Scanning Near-Field Optical/Atomic Force Microscopy for Fluorescence Imaging and Spectroscopy of Biomaterials in Air and Liquid: Observation of Recombinant Escherichia coli with Gene Coding to Green Fluorescent Protein*

Abstract

We have developed a system of scanning near-field optical/atomic force microscopy (SNOM/AFM) for fluorescence imaging and spectroscopy of biomaterials in air and liquid. SNOM/AFM uses a bent optical fiber simultaneously as a dynamic force AFM cantilever and a SNOM probe. Optical resolution of SNOM images shows about 50 nm in an illumination mode for a standard sample of a patterned chromium layer of 20 nm thickness on a quartz glass plate. The SNOM/AFM system contains a photon counting system and polychrometer/ICCD (intensified charge coupled device) system for observation of the fluorescence image and spectrograph of micro areas, respectively. The gene coding to green fluorescence protein (GFP) was cloned in recombinant Escherichia coli (E. coli).

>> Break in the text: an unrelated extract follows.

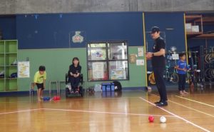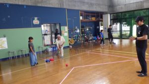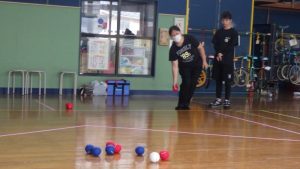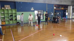 日本ボッチャ協会公認B級コーチの藤村徳久さんが指導や審判のために来てくださり、
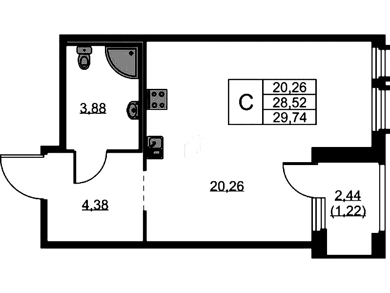 Квартира-студия на 14-ом этаже 29,74 кв.м

Topography, fluorescence image and spectrograph of recombinant E. coli by SNOM/AFM showed a difference in fluorescence in individual E. coli. Fluorescence activity of GFP can thus be used as a convenient indicator of transformation. SNOM/AFM is also applicable to observe immobilized E. coli on a glass plate in water with a liquid chamber and may allow the viewing of observation of floating organisms.